From the first line to the last, output the data exactly as it stands, minus its pictures.

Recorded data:

■ ■ ■

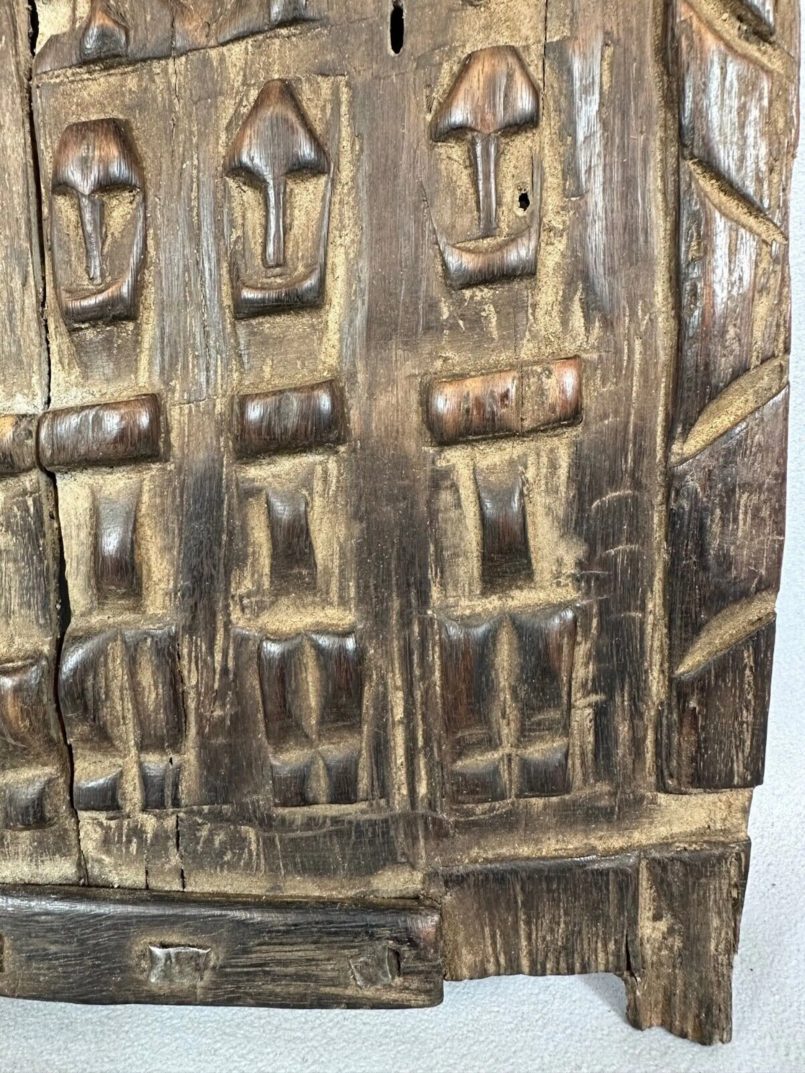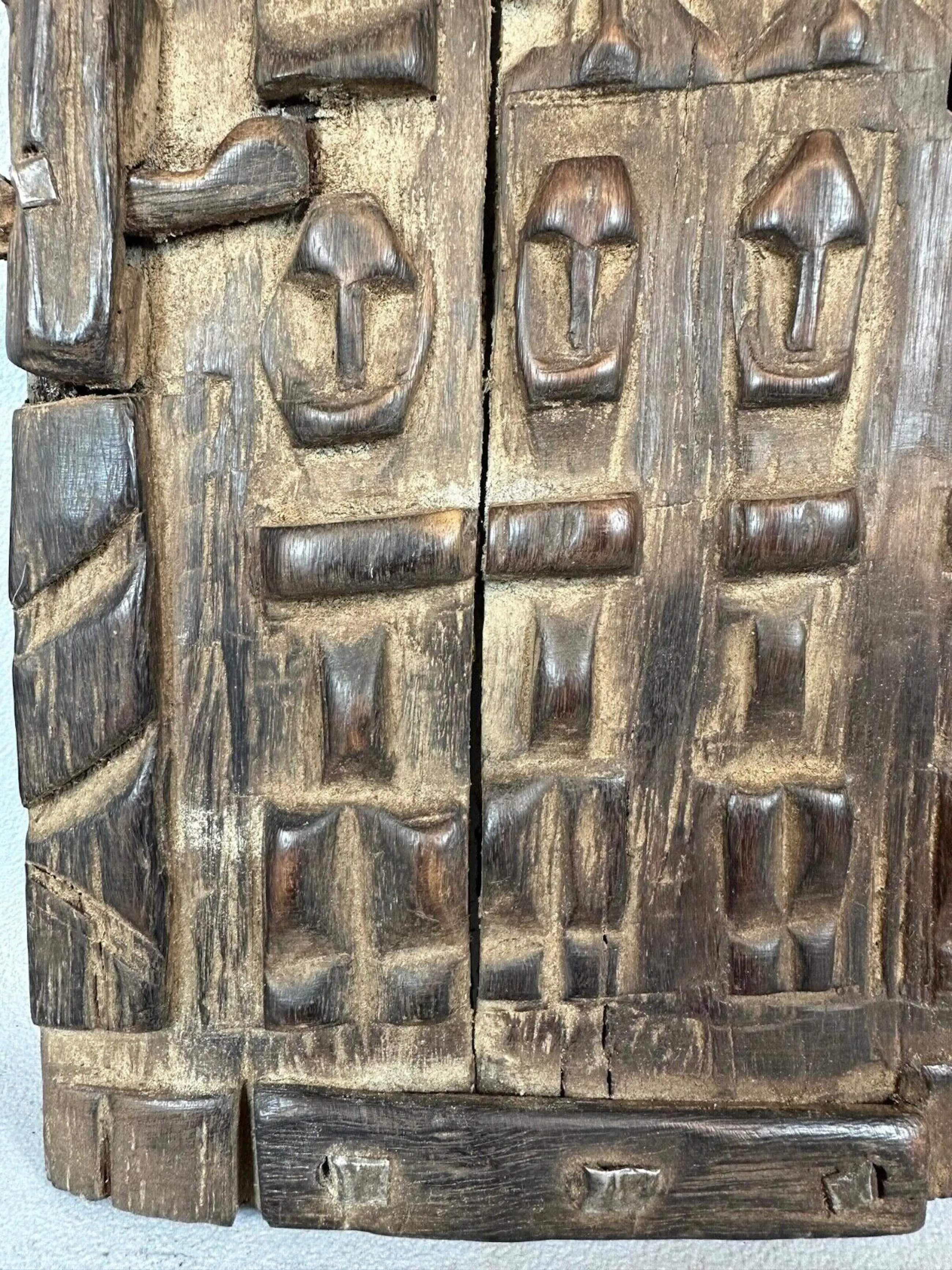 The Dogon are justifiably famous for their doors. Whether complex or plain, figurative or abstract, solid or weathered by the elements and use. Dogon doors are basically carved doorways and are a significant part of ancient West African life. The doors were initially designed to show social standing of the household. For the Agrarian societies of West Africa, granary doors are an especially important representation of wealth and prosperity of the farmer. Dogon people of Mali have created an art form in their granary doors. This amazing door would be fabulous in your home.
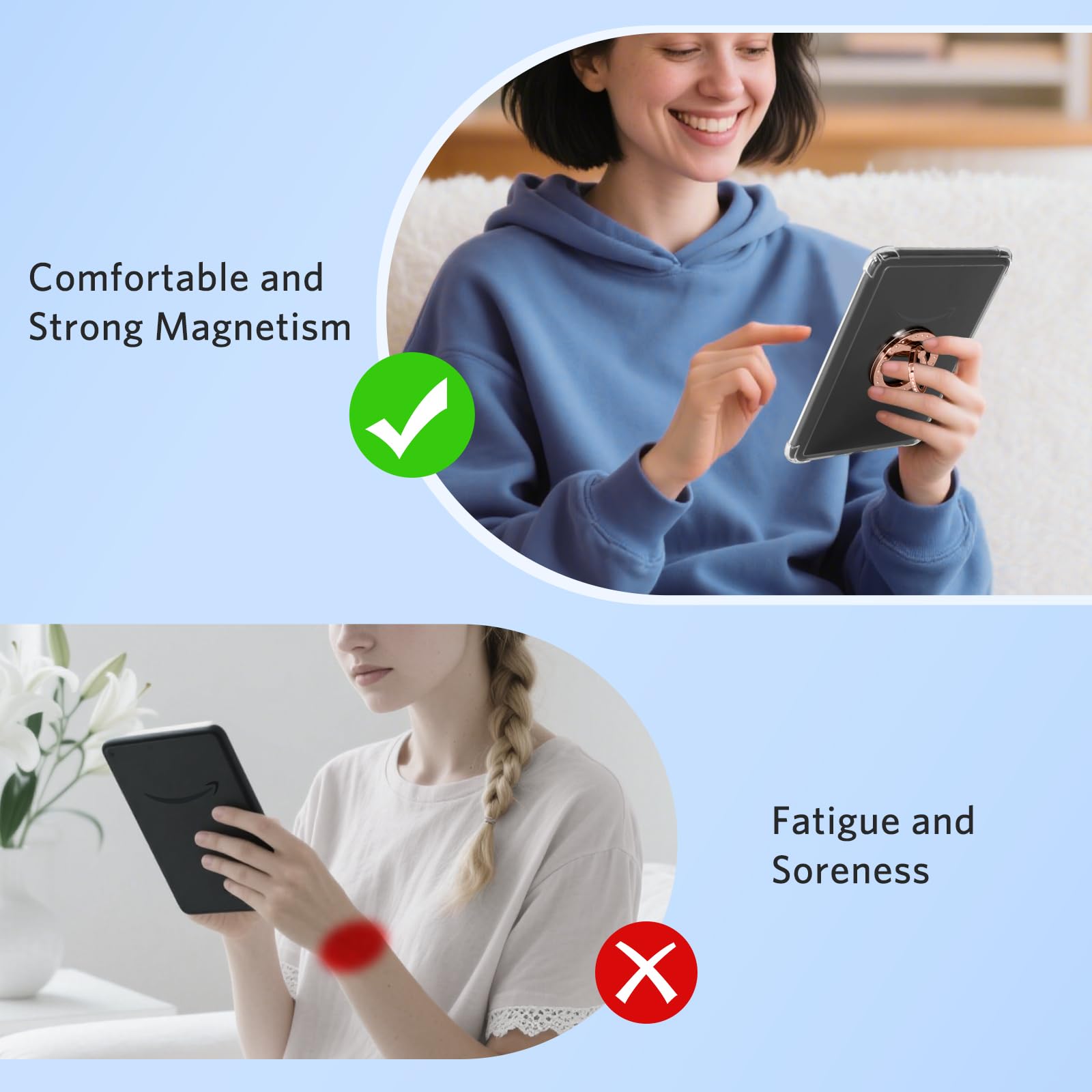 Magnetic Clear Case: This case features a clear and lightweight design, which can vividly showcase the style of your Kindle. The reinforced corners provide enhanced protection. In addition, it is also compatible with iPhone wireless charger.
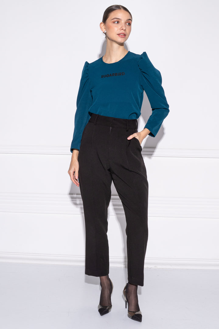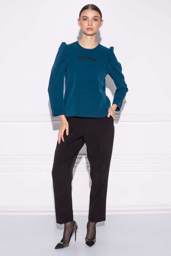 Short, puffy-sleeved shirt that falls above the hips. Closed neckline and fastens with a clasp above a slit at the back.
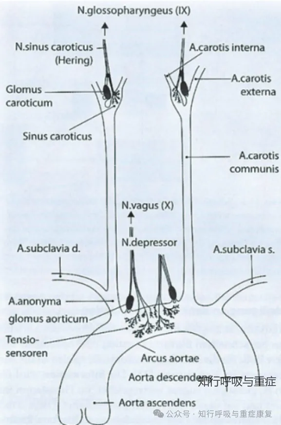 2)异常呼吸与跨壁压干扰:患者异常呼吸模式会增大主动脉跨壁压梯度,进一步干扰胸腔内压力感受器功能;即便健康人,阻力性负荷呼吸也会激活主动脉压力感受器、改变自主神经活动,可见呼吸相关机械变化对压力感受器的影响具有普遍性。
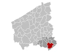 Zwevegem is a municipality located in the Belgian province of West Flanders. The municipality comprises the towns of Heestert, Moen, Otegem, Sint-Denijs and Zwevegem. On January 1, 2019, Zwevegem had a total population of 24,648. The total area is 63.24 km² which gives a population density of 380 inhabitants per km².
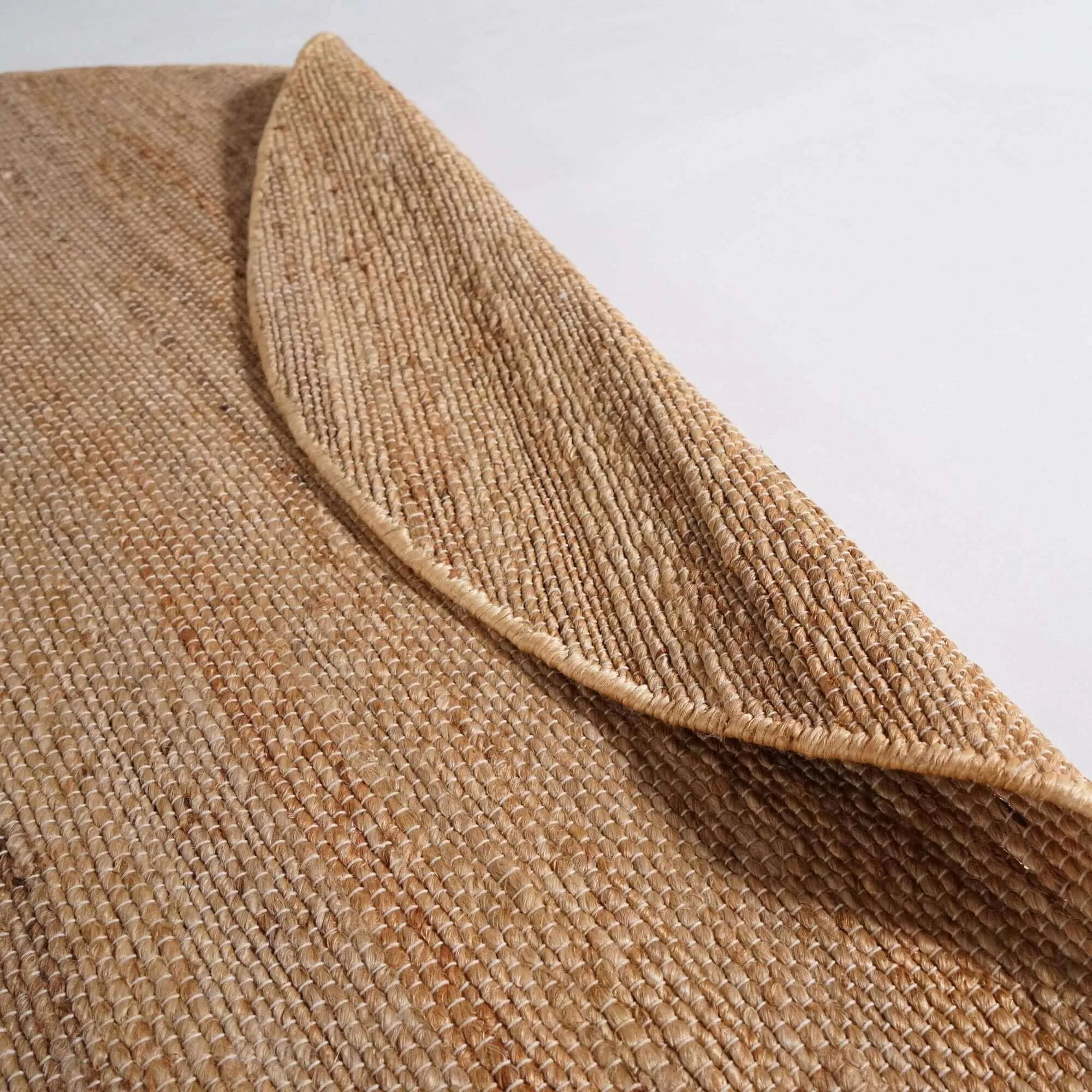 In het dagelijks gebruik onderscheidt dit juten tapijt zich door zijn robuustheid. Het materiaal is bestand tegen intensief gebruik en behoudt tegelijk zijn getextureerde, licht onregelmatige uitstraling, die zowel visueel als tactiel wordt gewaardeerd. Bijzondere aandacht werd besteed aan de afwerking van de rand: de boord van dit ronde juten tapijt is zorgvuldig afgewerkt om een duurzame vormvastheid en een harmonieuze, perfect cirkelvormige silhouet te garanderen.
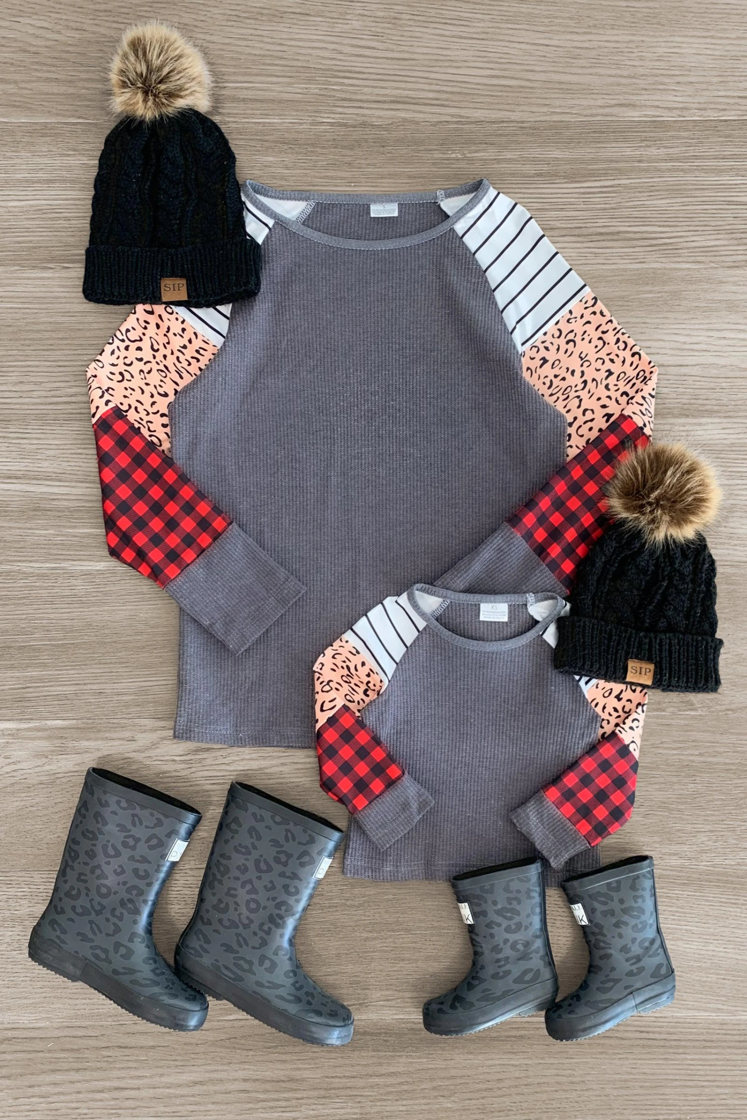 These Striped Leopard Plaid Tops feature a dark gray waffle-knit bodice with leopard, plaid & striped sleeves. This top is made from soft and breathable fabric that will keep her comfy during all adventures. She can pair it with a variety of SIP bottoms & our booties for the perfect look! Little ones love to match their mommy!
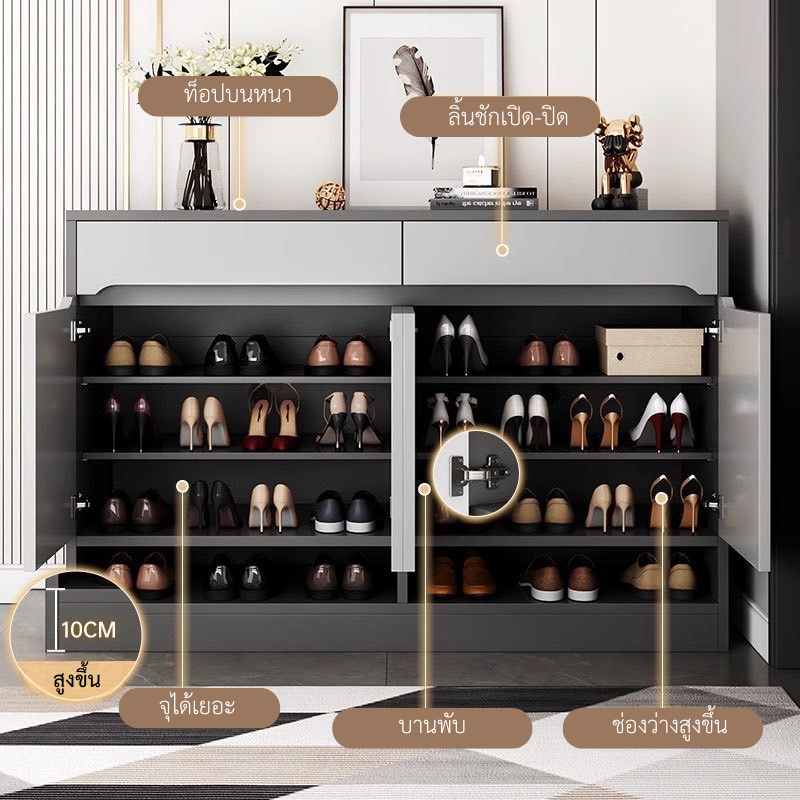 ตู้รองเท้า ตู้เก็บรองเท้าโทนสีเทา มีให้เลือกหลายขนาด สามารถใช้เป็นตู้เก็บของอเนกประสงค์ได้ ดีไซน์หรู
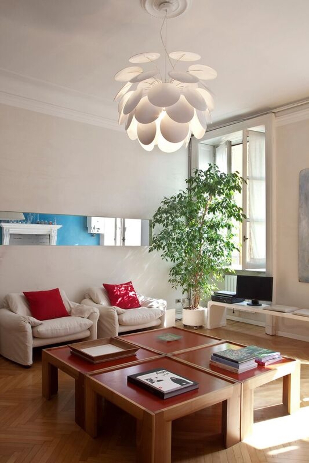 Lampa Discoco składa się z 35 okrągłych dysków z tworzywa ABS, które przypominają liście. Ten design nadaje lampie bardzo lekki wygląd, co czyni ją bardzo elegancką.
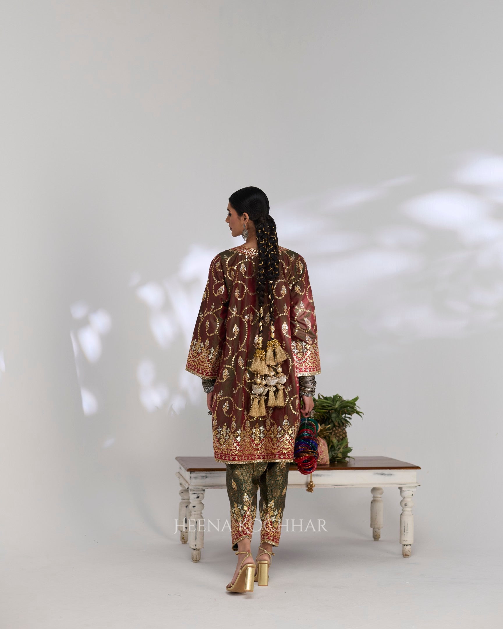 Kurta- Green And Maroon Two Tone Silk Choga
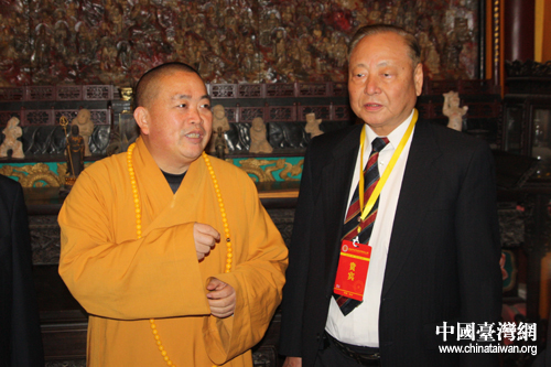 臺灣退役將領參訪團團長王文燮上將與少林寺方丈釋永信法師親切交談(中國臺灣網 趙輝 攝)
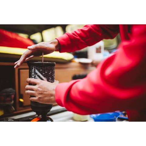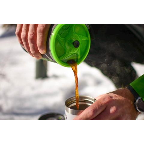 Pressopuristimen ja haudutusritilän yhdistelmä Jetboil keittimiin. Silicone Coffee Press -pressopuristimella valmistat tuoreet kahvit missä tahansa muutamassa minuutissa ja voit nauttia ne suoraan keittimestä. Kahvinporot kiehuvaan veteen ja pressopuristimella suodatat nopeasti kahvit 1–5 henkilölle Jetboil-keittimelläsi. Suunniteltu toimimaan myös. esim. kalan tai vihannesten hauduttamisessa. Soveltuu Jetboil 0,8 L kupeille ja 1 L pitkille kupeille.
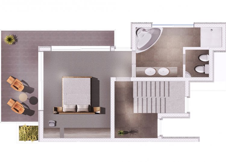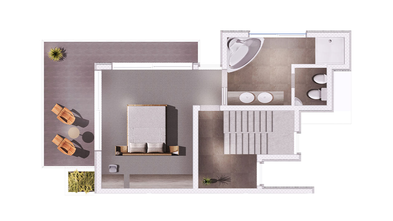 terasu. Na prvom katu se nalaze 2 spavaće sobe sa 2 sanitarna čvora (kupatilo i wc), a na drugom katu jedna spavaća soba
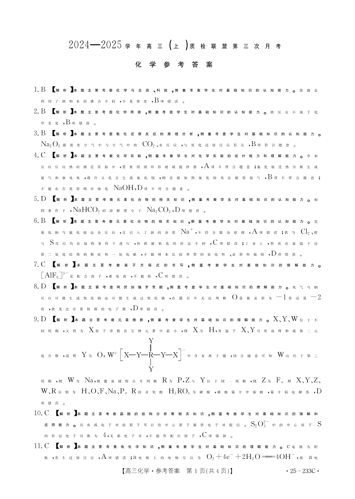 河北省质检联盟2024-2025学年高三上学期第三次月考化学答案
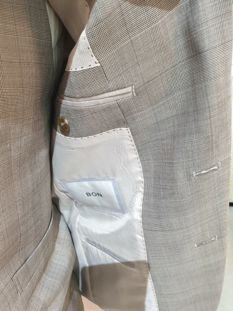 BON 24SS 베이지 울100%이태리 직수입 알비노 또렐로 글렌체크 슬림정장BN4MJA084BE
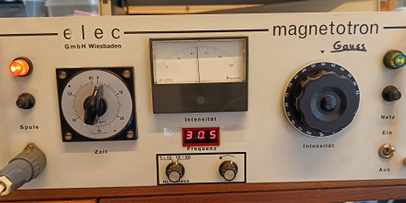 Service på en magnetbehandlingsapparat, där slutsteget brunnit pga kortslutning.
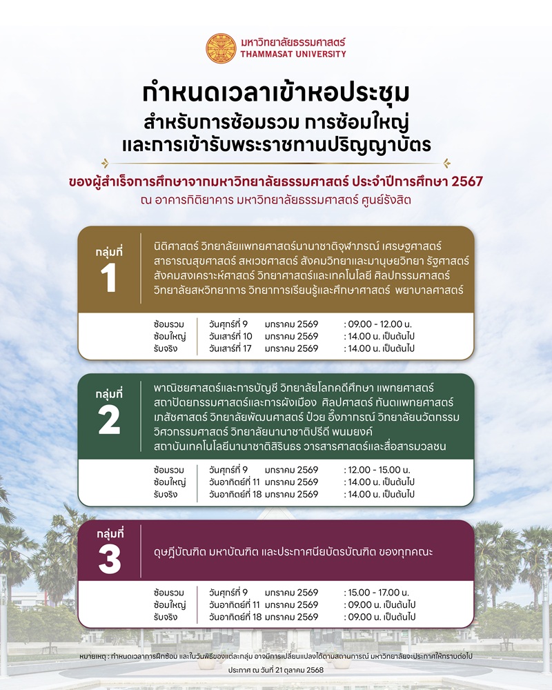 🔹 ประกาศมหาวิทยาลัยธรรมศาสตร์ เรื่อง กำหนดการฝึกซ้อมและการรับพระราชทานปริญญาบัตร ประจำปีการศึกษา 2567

■ ■ ■

TASK RESULT |
 The Dogon are justifiably famous for their doors. Whether complex or plain, figurative or abstract, solid or weathered by the elements and use. Dogon doors are basically carved doorways and are a significant part of ancient West African life. The doors were initially designed to show social standing of the household. For the Agrarian societies of West Africa, granary doors are an especially important representation of wealth and prosperity of the farmer. Dogon people of Mali have created an art form in their granary doors. This amazing door would be fabulous in your home.
 Magnetic Clear Case: This case features a clear and lightweight design, which can vividly showcase the style of your Kindle. The reinforced corners provide enhanced protection. In addition, it is also compatible with iPhone wireless charger.
 Short, puffy-sleeved shirt that falls above the hips. Closed neckline and fastens with a clasp above a slit at the back.
 2)异常呼吸与跨壁压干扰:患者异常呼吸模式会增大主动脉跨壁压梯度,进一步干扰胸腔内压力感受器功能;即便健康人,阻力性负荷呼吸也会激活主动脉压力感受器、改变自主神经活动,可见呼吸相关机械变化对压力感受器的影响具有普遍性。
 Zwevegem is a municipality located in the Belgian province of West Flanders. The municipality comprises the towns of Heestert, Moen, Otegem, Sint-Denijs and Zwevegem. On January 1, 2019, Zwevegem had a total population of 24,648. The total area is 63.24 km² which gives a population density of 380 inhabitants per km².
 In het dagelijks gebruik onderscheidt dit juten tapijt zich door zijn robuustheid. Het materiaal is bestand tegen intensief gebruik en behoudt tegelijk zijn getextureerde, licht onregelmatige uitstraling, die zowel visueel als tactiel wordt gewaardeerd. Bijzondere aandacht werd besteed aan de afwerking van de rand: de boord van dit ronde juten tapijt is zorgvuldig afgewerkt om een duurzame vormvastheid en een harmonieuze, perfect cirkelvormige silhouet te garanderen.
 These Striped Leopard Plaid Tops feature a dark gray waffle-knit bodice with leopard, plaid & striped sleeves. This top is made from soft and breathable fabric that will keep her comfy during all adventures. She can pair it with a variety of SIP bottoms & our booties for the perfect look! Little ones love to match their mommy!
 ตู้รองเท้า ตู้เก็บรองเท้าโทนสีเทา มีให้เลือกหลายขนาด สามารถใช้เป็นตู้เก็บของอเนกประสงค์ได้ ดีไซน์หรู
 Lampa Discoco składa się z 35 okrągłych dysków z tworzywa ABS, które przypominają liście. Ten design nadaje lampie bardzo lekki wygląd, co czyni ją bardzo elegancką.
 Kurta- Green And Maroon Two Tone Silk Choga
 臺灣退役將領參訪團團長王文燮上將與少林寺方丈釋永信法師親切交談(中國臺灣網 趙輝 攝)
 Pressopuristimen ja haudutusritilän yhdistelmä Jetboil keittimiin. Silicone Coffee Press -pressopuristimella valmistat tuoreet kahvit missä tahansa muutamassa minuutissa ja voit nauttia ne suoraan keittimestä. Kahvinporot kiehuvaan veteen ja pressopuristimella suodatat nopeasti kahvit 1–5 henkilölle Jetboil-keittimelläsi. Suunniteltu toimimaan myös. esim. kalan tai vihannesten hauduttamisessa. Soveltuu Jetboil 0,8 L kupeille ja 1 L pitkille kupeille.
 terasu. Na prvom katu se nalaze 2 spavaće sobe sa 2 sanitarna čvora (kupatilo i wc), a na drugom katu jedna spavaća soba
 河北省质检联盟2024-2025学年高三上学期第三次月考化学答案
 BON 24SS 베이지 울100%이태리 직수입 알비노 또렐로 글렌체크 슬림정장BN4MJA084BE
 Service på en magnetbehandlingsapparat, där slutsteget brunnit pga kortslutning.
 🔹 ประกาศมหาวิทยาลัยธรรมศาสตร์ เรื่อง กำหนดการฝึกซ้อมและการรับพระราชทานปริญญาบัตร ประจำปีการศึกษา 2567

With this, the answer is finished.